What you have to do:
Below is a listing; print exactly its lines from the one containing "Housing the technology" down to the one containing "- 3 Kristallglas-Spiegeltüren, 6", both inclusive, with every picture left out.

Given data:
===

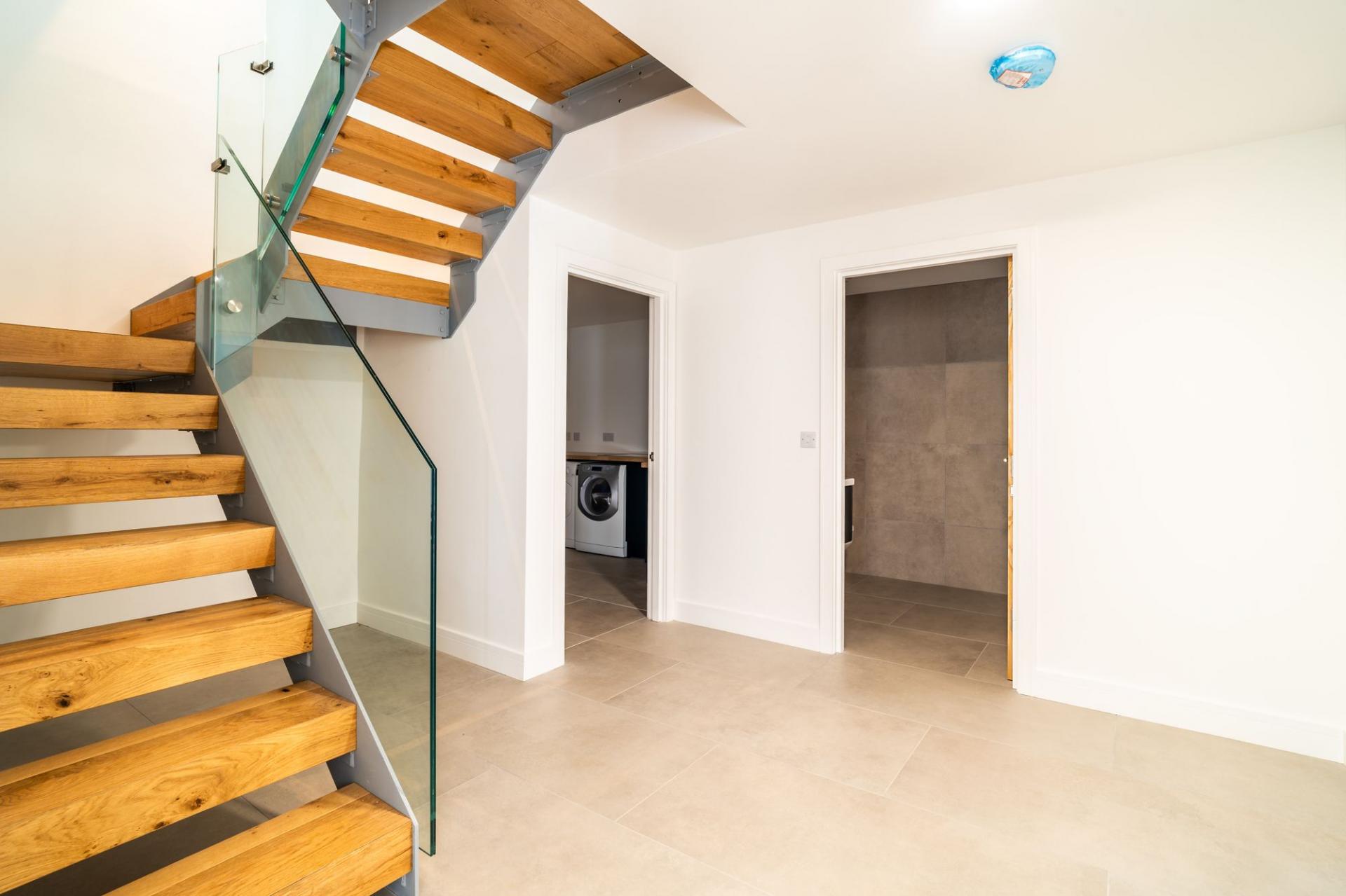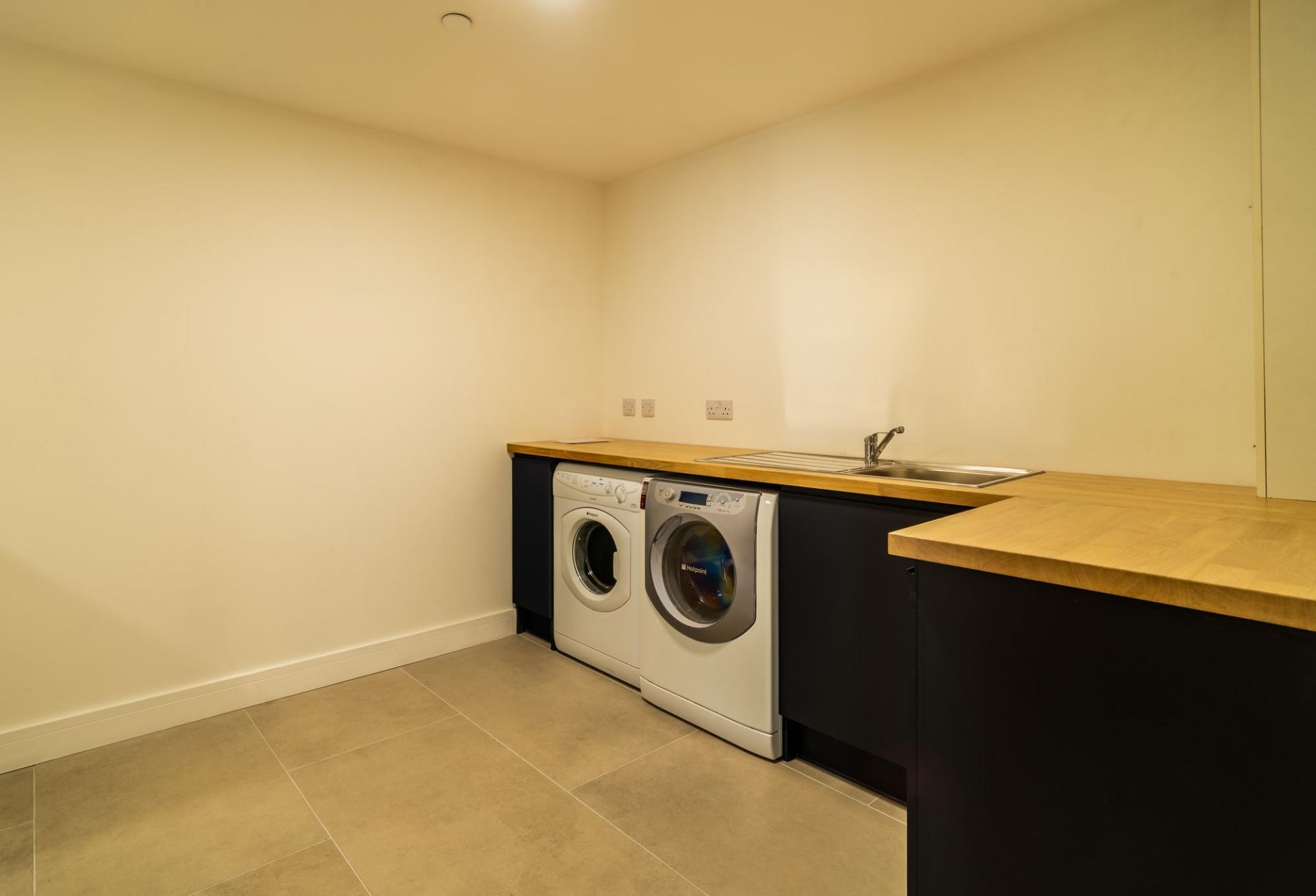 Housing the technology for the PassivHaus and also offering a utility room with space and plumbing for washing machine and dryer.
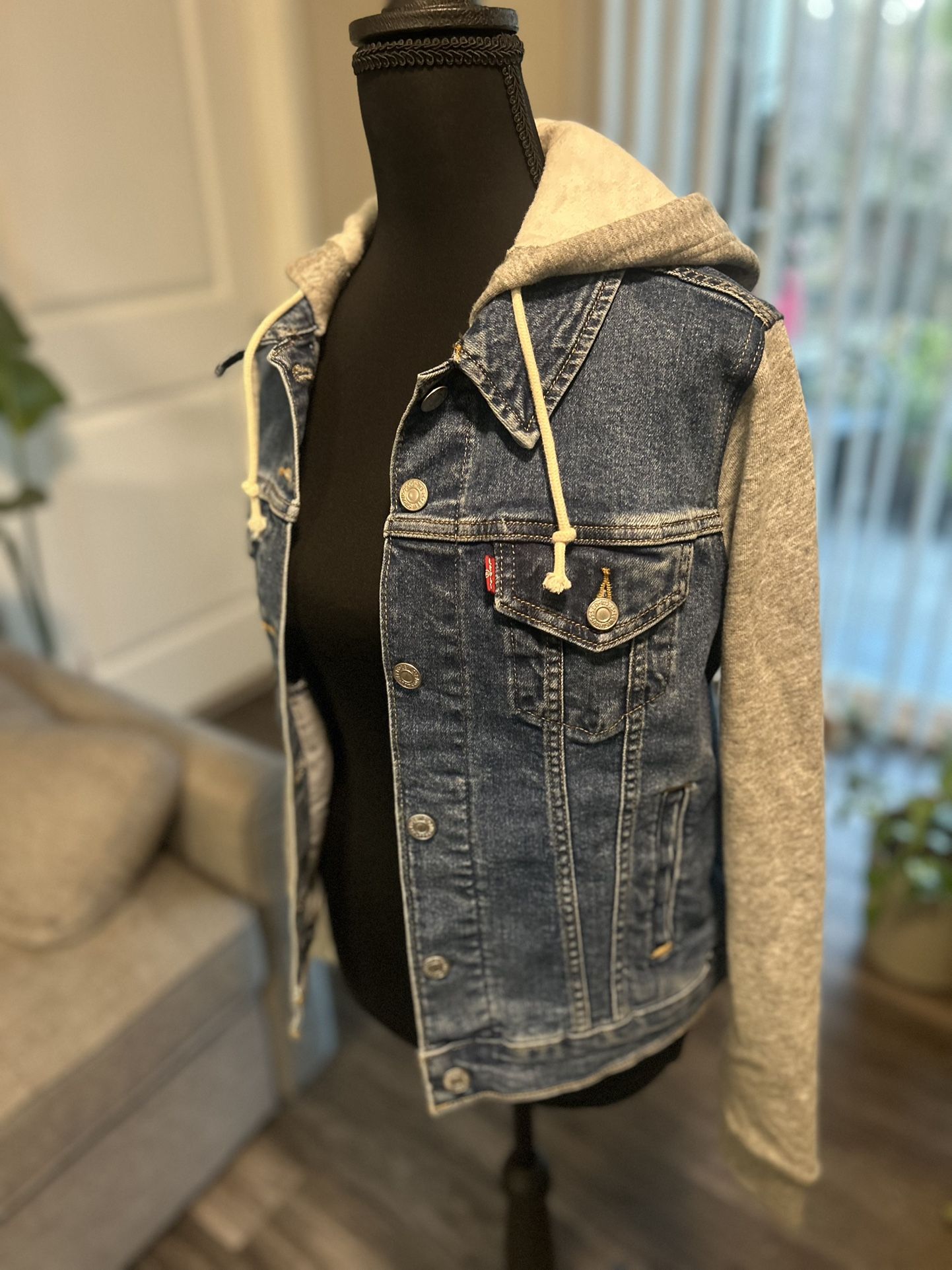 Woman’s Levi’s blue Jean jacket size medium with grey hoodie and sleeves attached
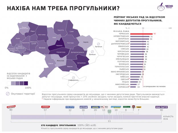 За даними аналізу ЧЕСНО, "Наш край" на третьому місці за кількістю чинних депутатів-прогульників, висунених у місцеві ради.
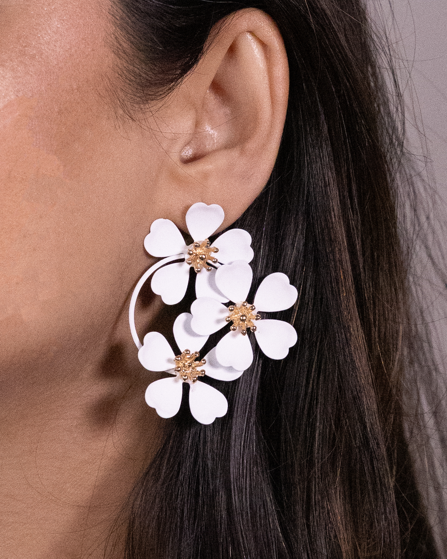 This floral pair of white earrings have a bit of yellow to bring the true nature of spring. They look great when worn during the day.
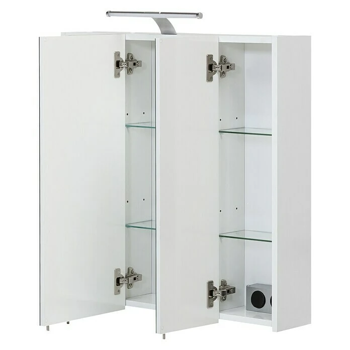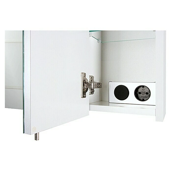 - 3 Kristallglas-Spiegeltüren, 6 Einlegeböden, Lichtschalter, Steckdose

===

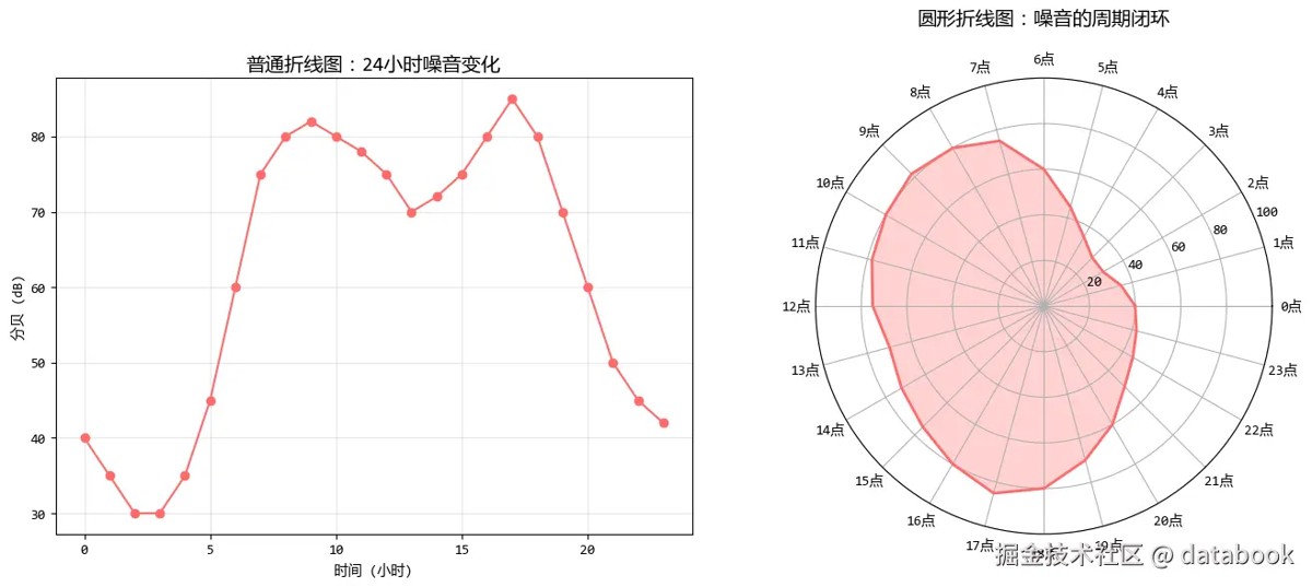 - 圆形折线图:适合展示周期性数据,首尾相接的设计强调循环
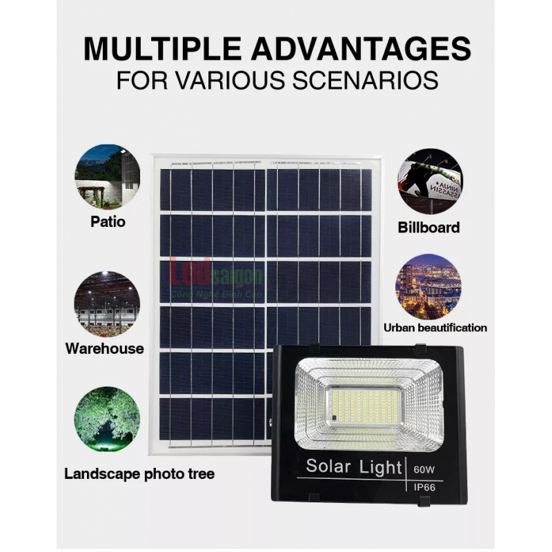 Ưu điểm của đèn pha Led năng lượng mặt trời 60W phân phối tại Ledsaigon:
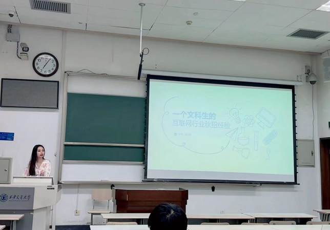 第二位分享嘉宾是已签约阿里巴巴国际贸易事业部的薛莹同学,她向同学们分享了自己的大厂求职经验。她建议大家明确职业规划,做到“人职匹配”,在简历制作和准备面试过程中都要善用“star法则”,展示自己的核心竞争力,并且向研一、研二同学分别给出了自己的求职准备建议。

===

Exercise answer:
 Housing the technology for the PassivHaus and also offering a utility room with space and plumbing for washing machine and dryer.
 Woman’s Levi’s blue Jean jacket size medium with grey hoodie and sleeves attached
 За даними аналізу ЧЕСНО, "Наш край" на третьому місці за кількістю чинних депутатів-прогульників, висунених у місцеві ради.
 This floral pair of white earrings have a bit of yellow to bring the true nature of spring. They look great when worn during the day.
 - 3 Kristallglas-Spiegeltüren, 6 Einlegeböden, Lichtschalter, Steckdose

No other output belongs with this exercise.